THE AUSTRALIAN COMPOSER and entertainer Tim Minchin sits outside a rehearsal room in London. It is a pleasant day in April. Tooled up on tea and creative adrenaline, talking quickly and well, the 47-year-old is comparing the experience of working on two big stage musicals. In 2010, there was Matilda, the planet-devouring omni-smash, which flourished in the West End, on Broadway and on family car journeys, transforming Minchin from an anarchic musical comedian who could fill a good-sized room at the Edinburgh festival into a feted and wealthy man. "I mean, Matilda, fuck," is all the loquacious Minchin can say about that show's successes for now. More interesting to him, because more troubled, was the follow-up, Groundhog Day, a 2016 musical adapted from the popular 90s movie of the same name.
"When you make something so detailed, over so many thousands of hours, something you think is broadly appealing, about how we're to be as people - and it doesn't fly? That's incredibly painful," Minchin says.

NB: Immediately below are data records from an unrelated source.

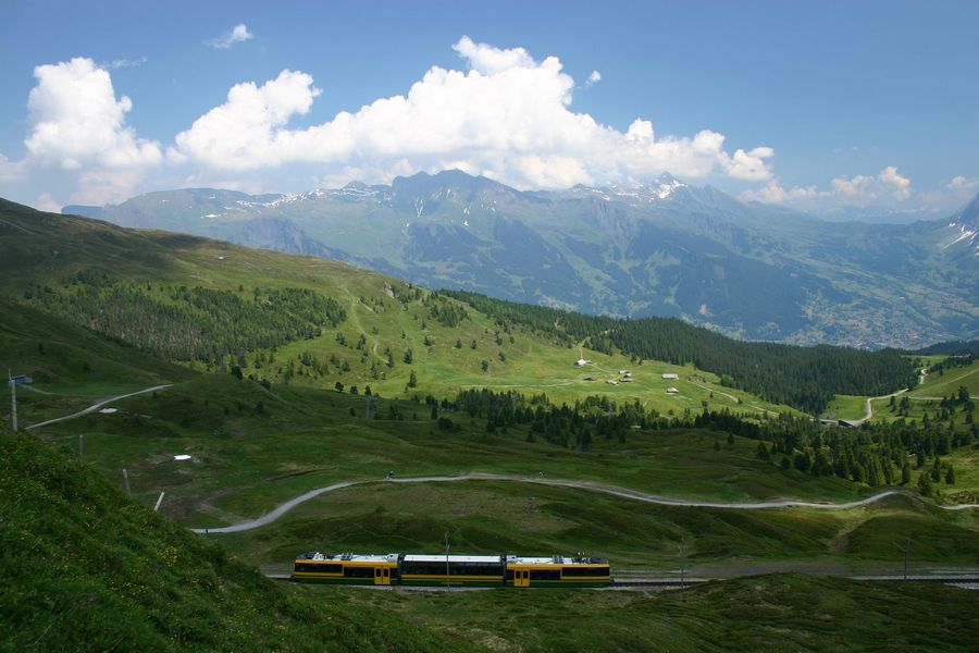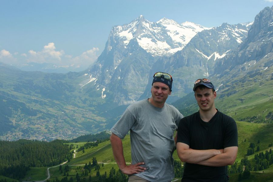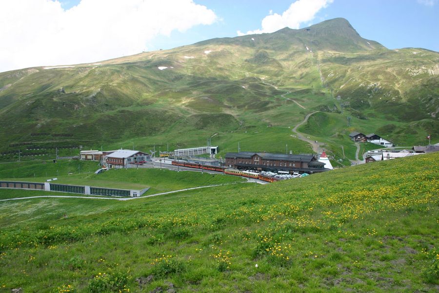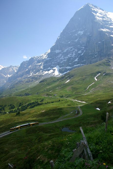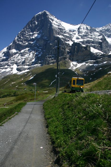 Pátý poslední slunný den tady v Alpách vyrážíme vlakem do zastávky Alpiglen 1615m, ze které navážeme na turistickou cestu Eiger Trail - cestu těsně pod Eigerem až na Eigergletscher 2320m, kterou máme dnes před námi. Cesta nebyla zase tak náročná a rychle utíkala, ale ranní chlad a průvan pod stěnou, kde se slunko dostane až odpoledne, nebyl vůbec příjemný. Cestou tu bylo i spousta pěkné květeny k focení. Poslední kilometr byl stále více lemován zbytky rozbředlého a zrádného sněhu, pod kterým místy často tekla voda. Do jedné takové si i Honza šlápnul. Po několika hodinách cesty nakonec měníme plán, vynecháváme Eigergletscher a zkracujeme si cestu pod tratí rovnou na Kleine Scheidegg. Cestou máme možnost pozorovat různé druhy vlaků, zdolávajíc místní údolí, dokonce máme možnost a čas si více prohlédnout místní velkolepé nádraží Kleine Scheidegg, křižovatku tří železnic. Po delší přestávce v krásné slunném dni nás čeká již jen sestup opět na Alpiglen a vlakem dolů do Grindelwaldu. Dnes to muselo být kratší, neboť večer se chystáme již na noční odjezd domů. |
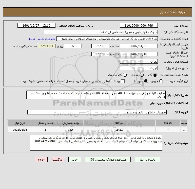 نام دستگاه خریدار:شرکت هواپیمایی جمهوری اسلامی ایران هما
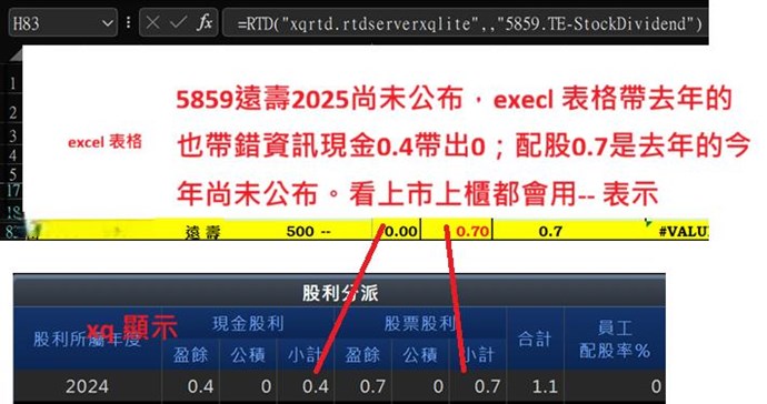 5859 遠壽 2024年現金股利 xq表格內是 =0.4 ,但是excel dde/rtd 帶出來0,也許就這筆錯了吧 嗎???
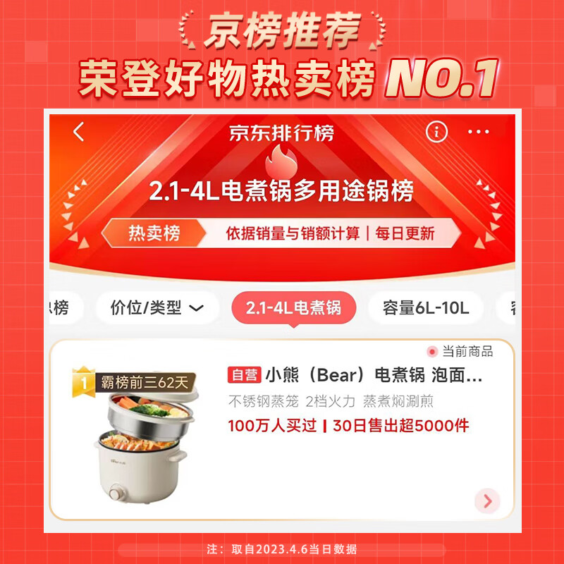 小熊(Bear)电煮锅 泡面火锅宿舍小电锅 多功能多用途电热锅 2.5L蒸煮一体蒸屉蒸笼电蒸锅 DRG-E25H1价格:108.00元!
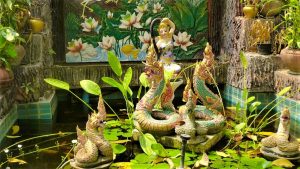 Die Wandmalereien im Viharn, der zentralen Tempelhalle, illustrieren farbmächtig die Vessantara Jātaka, eine der beliebtesten Erzählungen über die früheren Leben Buddhas bis hin zu der Zeit, in der er unter dem Bodhi-Baum saß, vor sich seine stetig wachsende Schülerschar.
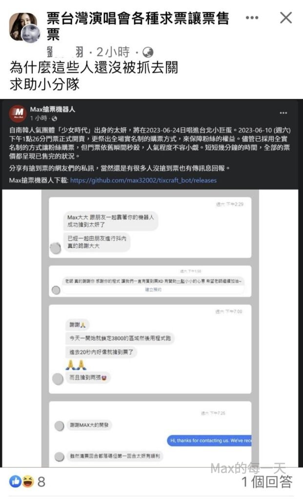 Max搶票機器人下載: https://github.com/max32002/tixcraft_bot/releases
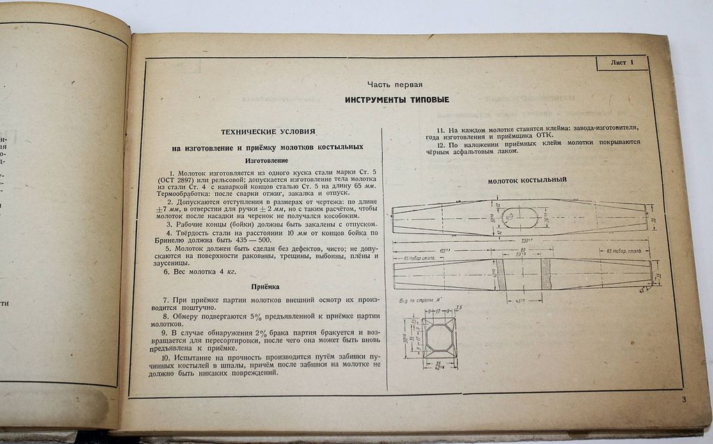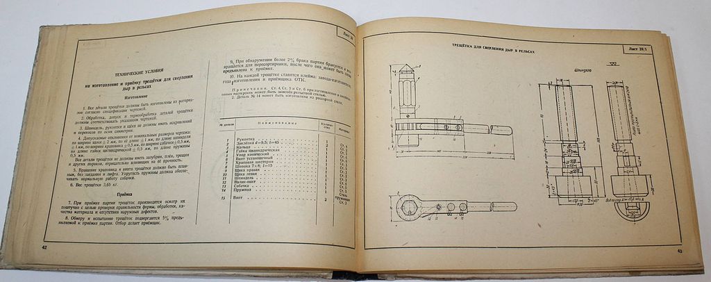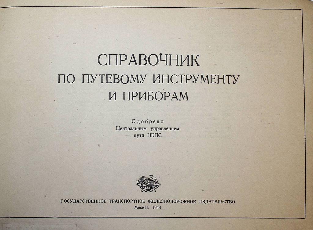Справочник по путевому инструменту и приборам. Авт.-сост.: инж. Д.М.Герцик, П.А.Грибунин, А.Н.Рейхарт. М.: Трансжелдориздат, 1944. – 200 с., ил. Твердый издательский переплет. Энциклопедический формат, 30х22.5 см. В альбоме приведены рабочие чертежи с техническими указаниями на изготовление и приёмку путевого инструмента, измерительных приборов и простейших, широко применяемых транспортных средств. Рассчитан на путейских работников, связанных с изготовлением стандартных инструментов в линейных мастерских и кузницах железнодорожного транспорта. Хорошее состояние. Небольшая потертость переплета, следы `мытых` штампов.
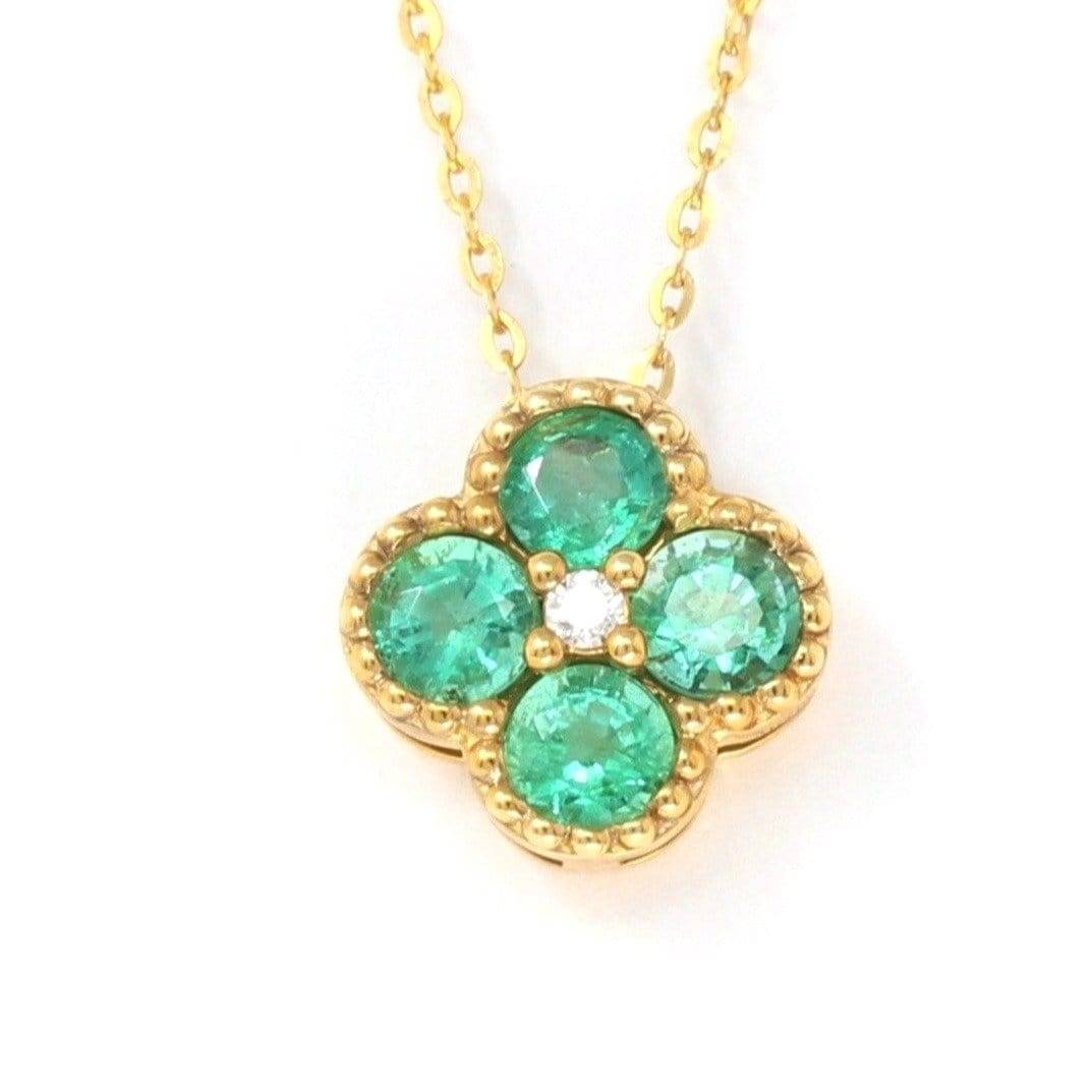 18k Yellow Gold Emerald Clover With 1/5 CTW Diamonds Pendant Necklace
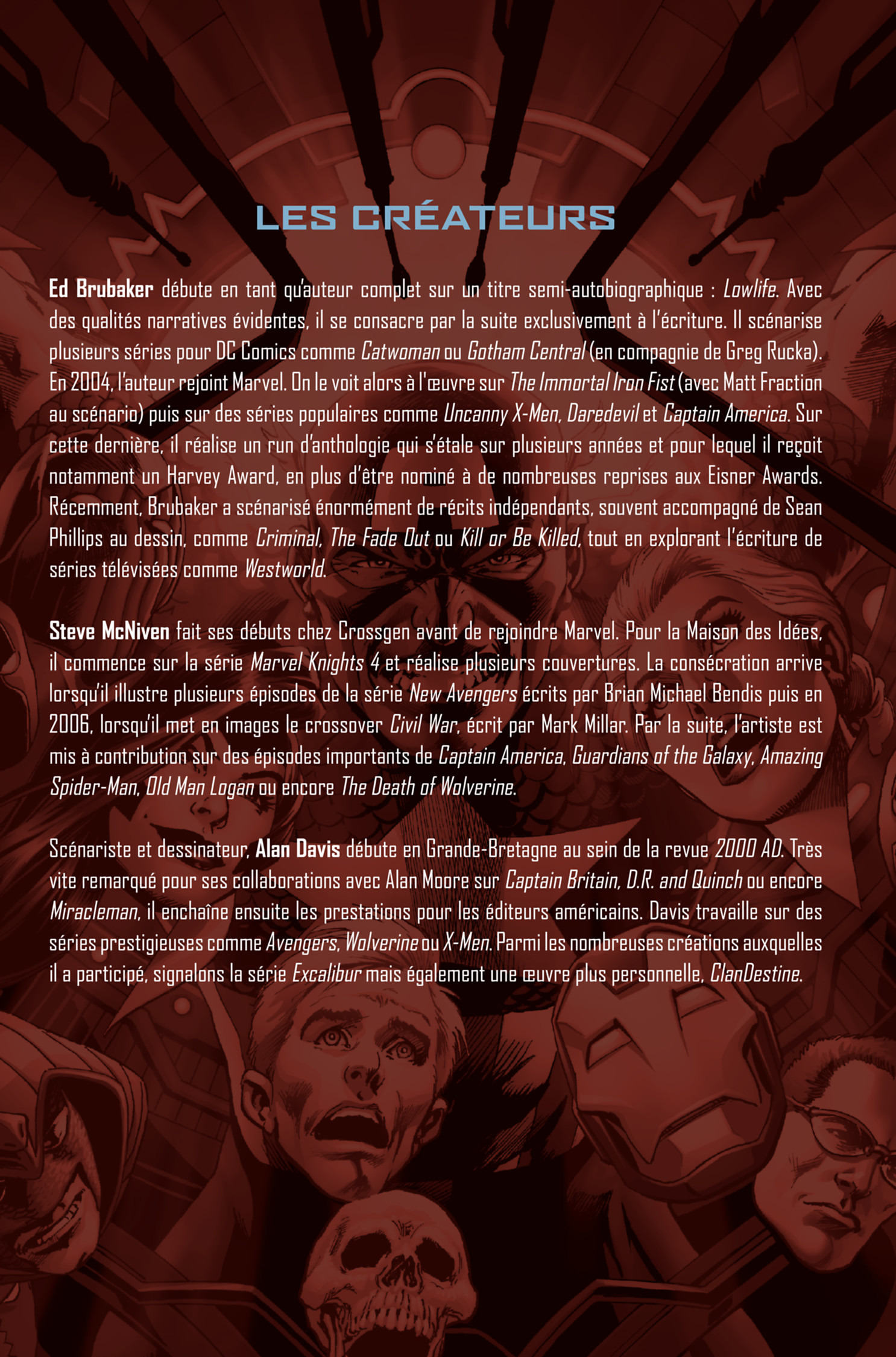 Steve Rogers est de nouveau Captain America. L’enterrement d’un vieil ami lance le héros dans une course contre la montre où se joue le sort du monde. La Légende Vivante devra aussi affronter l’Hydra avec l’aide du Faucon et de Sharon Carter.Pour ce nouveau numéro 1 d’Ed Brubaker, il est accompagné par Steve McNiven (Civil War) et Alan Davis (Thanos).
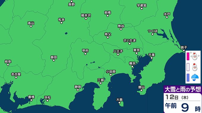 【東京首都圏 こんや雪?】東京・神奈川・千葉・埼玉・茨城・群馬・栃木・山梨・長野 関東甲信9日(月)~14日(土)3時間ごと雪雨シミュレーション【気象庁9日午後5時シミュレーション更新】 RSK山陽放送 2026年3月9日(月) 17:00 国内 12日(木) 9日(月)~14日(土)3時間ごとの雪雨シミュレーション 9日(月)~14日(土)3時間ごとの雪雨シミュレーション
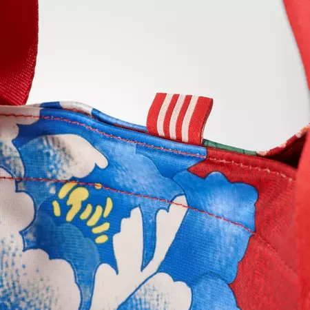 This women's handbag, designed in collaboration with Brazilian fashion company The FARM Company, features a charming Asian-inspired floral print. Exotic flowers stand out between red and blue tones to create a lush color palette.
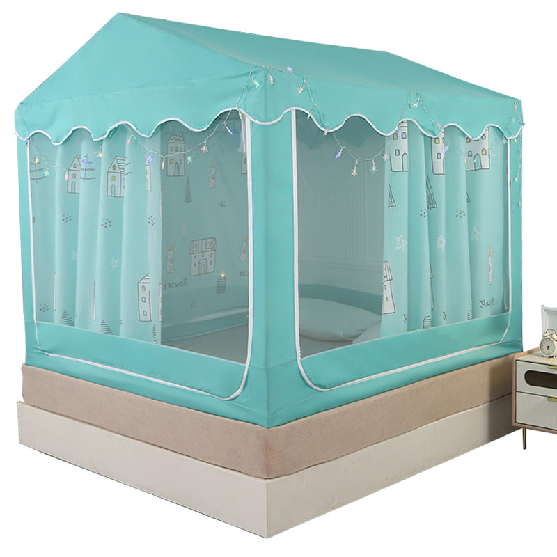 儿童防摔尘可折叠纹帐双门 卧室免安装 夏季 蒙古包蚊帐家用2025新款
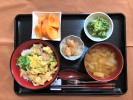 かつ丼(豚ロースかつ、玉ネギ、たまご、三つ葉)、味噌汁(豆腐、あげ、ワカメ、長ネギ)、とうがんカニカマあんかけ(グリーンピース)、ほうれん草・なめ茸和え、キュウリとみょうがの梅しそ漬け、フルーツ:ときリンゴ |
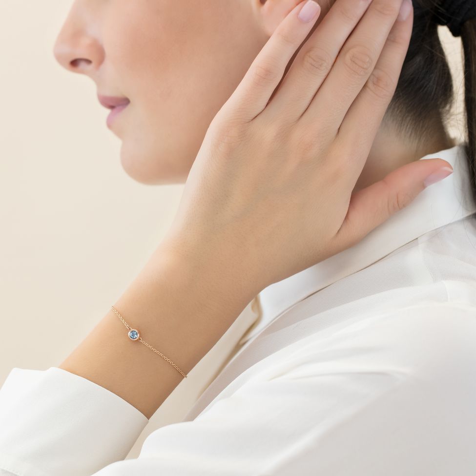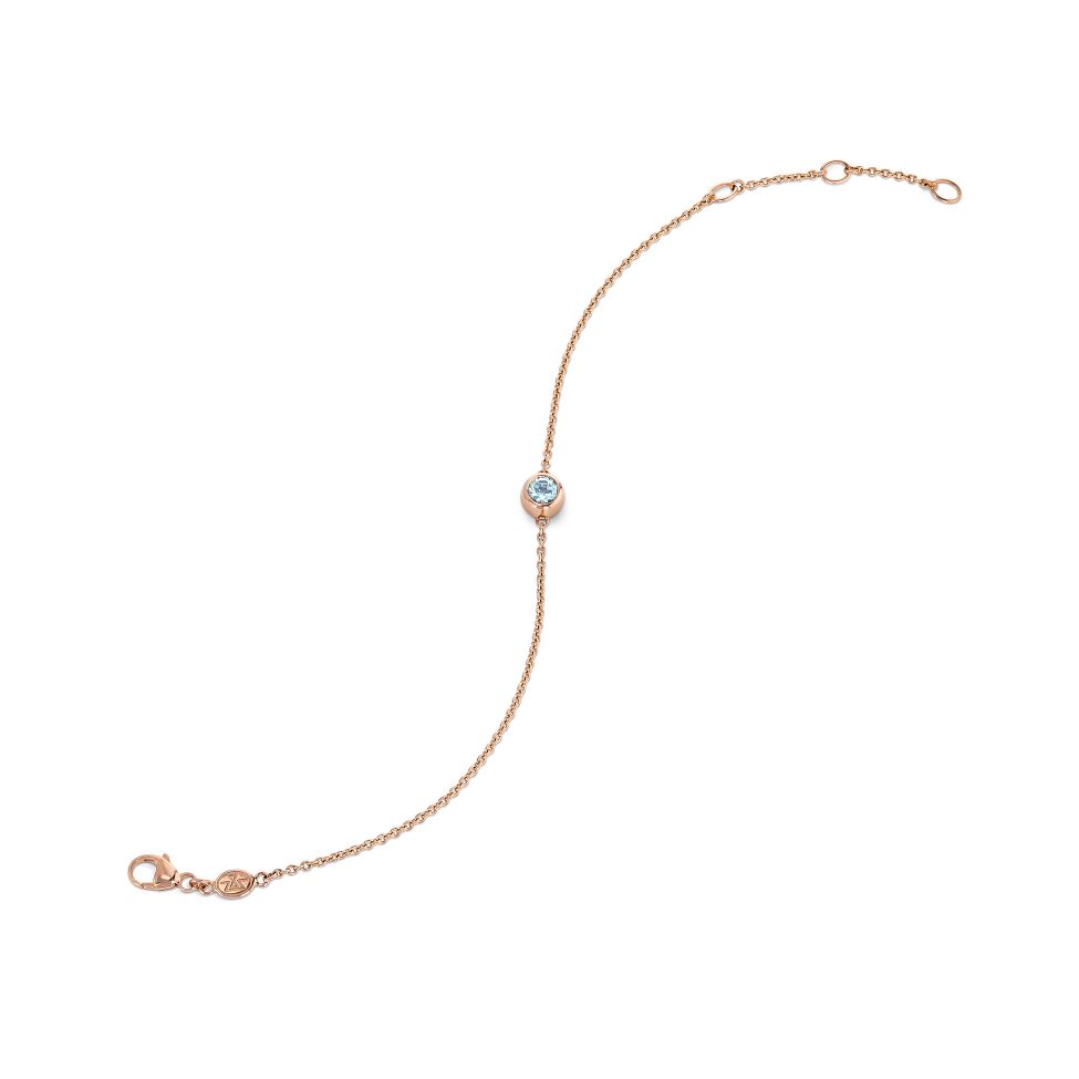 Rotgoldbracelet mit einem hellblauen runden Aquamarin von 0.35 ct.
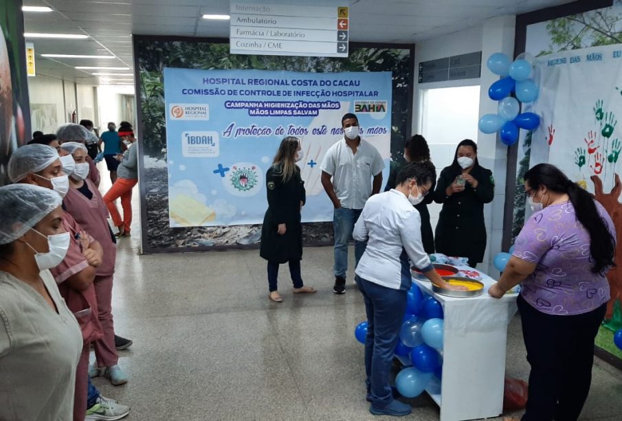 Uma árvore simbólica foi montada, em um painel, com as marcas de tinta das palmas das mãos de funcionários do Hospital Regional Costa do Cacau (HRCC), em Ilhéus, para celebrar o Dia Mundial da Higienização das Mãos, na última sexta-feira, dia 05 de maio.
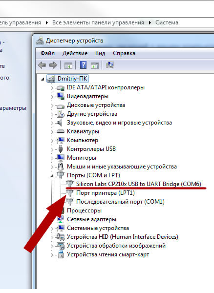 - Выбираем COM порт, на котором у вас определилось устройство (см. п.3)
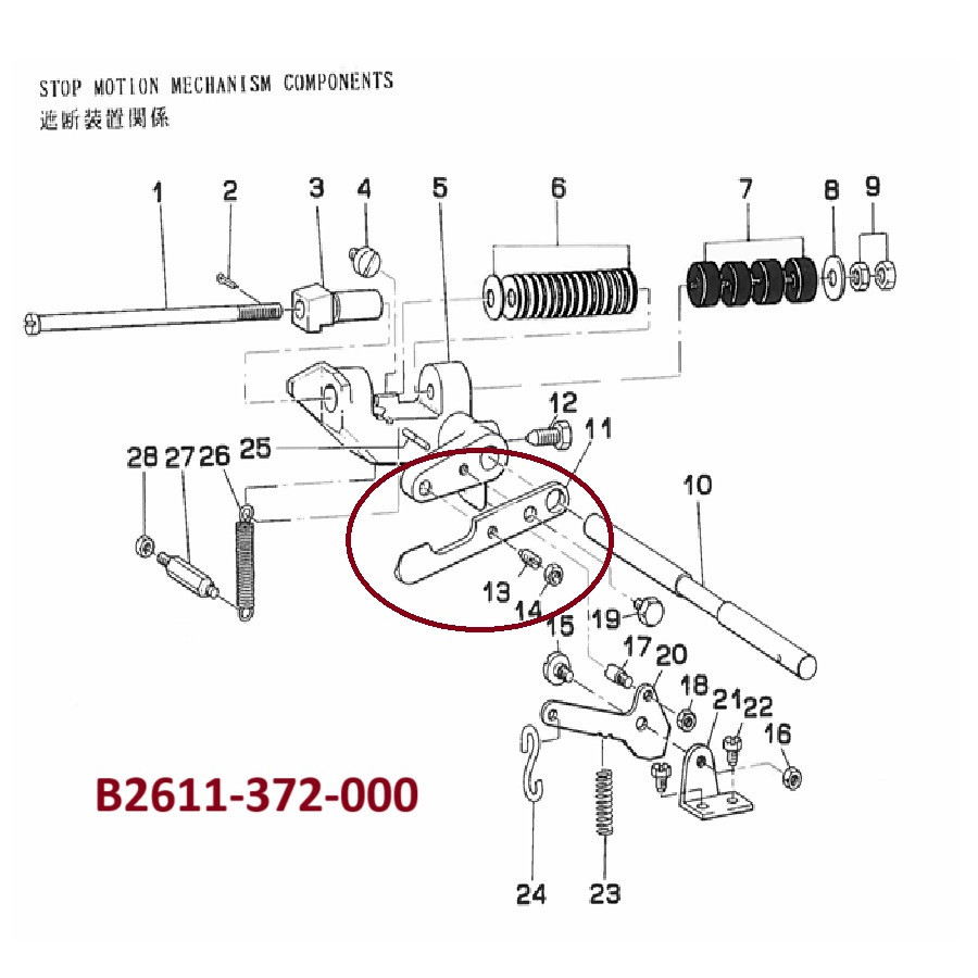 Juki MB-372, Juki MB-373-as gombfelvarró géphez megállító nyomókar. #B-2611-372-000; #B2611-372-000 Gyártó:Yao Han, Taiwan

Dressed today in muted colours, his untidy reddish hair tied back under a baseball cap, he lists the little catastrophes that hobbled Groundhog Day seven years ago: investors pulling out; the choreographer falling ill; a feeling of being rushed to New York after a strong London opening, before the show was quite ready. Groundhog Day closed on Broadway in autumn 2017, after 200-odd performances, and has more or less sat in a drawer since. "It's not a meritocracy," Minchin shrugs. "Mamma Mia's one of the highest-selling musicals ever... Broadway is not a measure of what is good, or not to me. If you want to go there to make your moolah, then you can't be surprised if you have a rough ride."